For the sake of argument, we got around to discussing that if the drugs idea was right how they’d do it.

‘I suppose whatever it was would have to be pumped down the line,’ I said. ‘That would involve a fluid. Water would be cheapest. Maybe they could even utilise the seawater on their doorstep. There’s a lot of it and when it reaches the other side it can simply be drained back into the Channel. At Dungeness that would just mean letting it drain into the shingle bank and finding its own way home. No one would need to be any the wiser and no great water bills.’

‘So, we’d be talking something like shrink-wrapped capsules or pills. Something small and light to go with the flow. Solids, not powder or liquids.’

I agreed.

‘Pump them through and filter them out. That wouldn’t be hard, would it? A big sieve would do it. Box them up and drive them away to market. Show me about PLUTO.’

I got a couple of chairs up to the screen and we sat close together and leaning in. We were being pretty relaxed and whereas she was, naturally, engrossed by the information in front of her, being quite familiar with it, I found myself distracted by her nearness.

I got up and paced about a bit. She trawled through it a couple of times.

After I thought she’d had long enough, I said, ‘If it’s like I think, they’re taking a hell of a risk. They couldn’t be sure the original pipe would still be serviceable after all this time down there.’

‘What isn’t a risk when you’re dealing in drugs? And like I said, twenty, thirty grand would be a drop in the ocean, excuse the pun, if it came off. They’d only need to run it for a good month to double or treble their investment. The rest is all gravy.’

I sat down next to her again. ‘What are you going to do?’

She tapped a nail against her front teeth. It was a nice nail and they were nice teeth.

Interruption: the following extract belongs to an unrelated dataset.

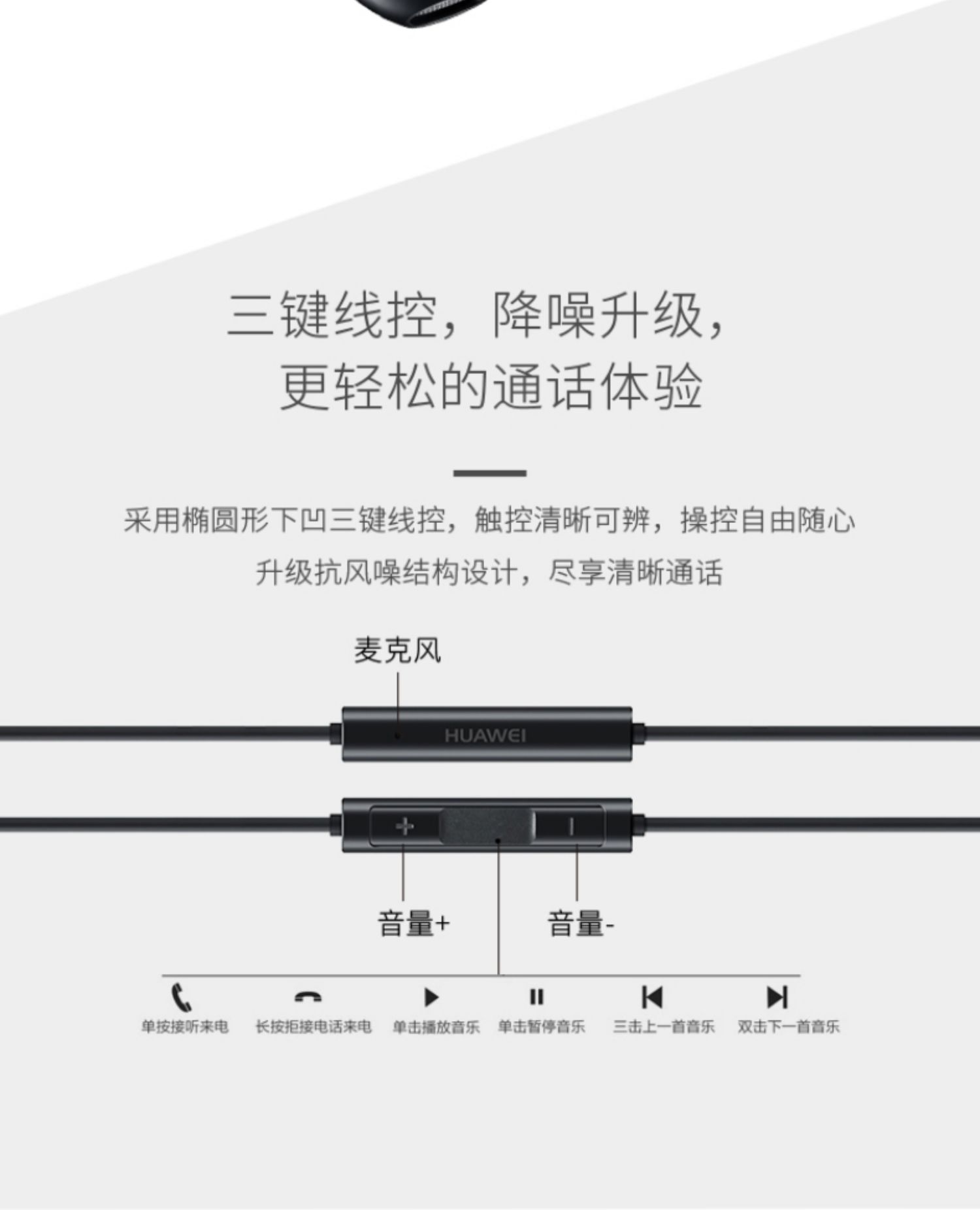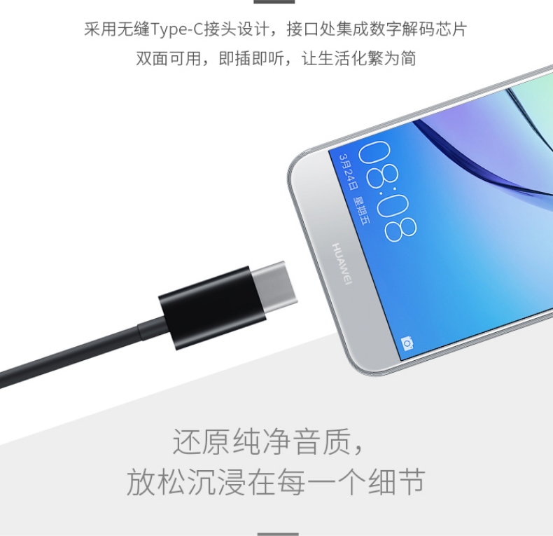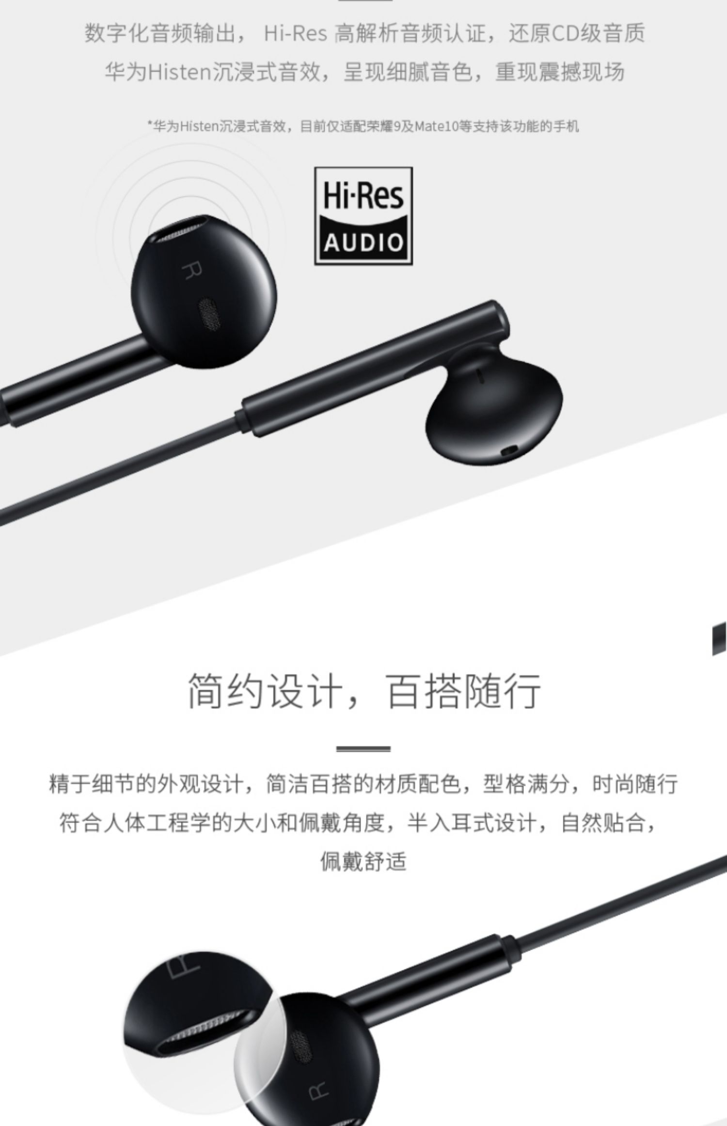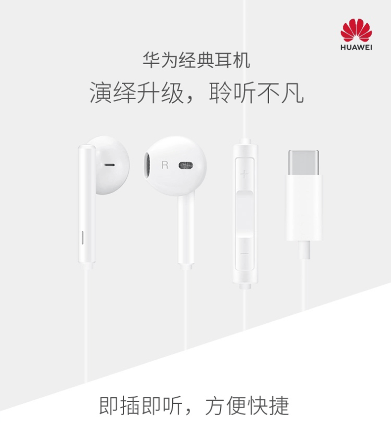 Huawei/华为经典耳机CM33 type-c接头适配华为p20耳机原装正品

‘I’d like to have a look for myself before I start sounding the alarm.’ She smiled at me. ‘You’ve done a good job of selling me a fantastic tale, but I would look pretty stupid if I went to my senior officers with it and it turned out to be nothing of the sort. You understand that for a female detective, even in the twenty-first century, a career is much harder to carve out than for a man, especially in a place like this. That is the sad reality. I can’t afford to have a false alarm on this scale as a skeleton rattling around in my locker. I’d be the laughing stock of the district.’

I had no choice but to accept this. At least she appeared to be taking me seriously.

She went on, ‘And, from what I understand, they don’t have all the pipework in place and it’s not operational. If we go busting in there it’s likely we’d frighten off the big fish. If you
are
right, this is going to be a massive operation, something that could swamp the UK. The big fish are going to be very big indeed.’

‘And it wouldn’t hurt the career of a lowly but ambitious police Detective Constable stuck in a provincial male-dominated rural backwater to be able to claim responsibility and brownie points for uncovering something like that?’ I’d rumbled Detective Cash’s sudden self-interest and while I couldn’t blame her for thinking that way my concerns were more immediate. I wanted those responsible for murdering my relatives brought to justice.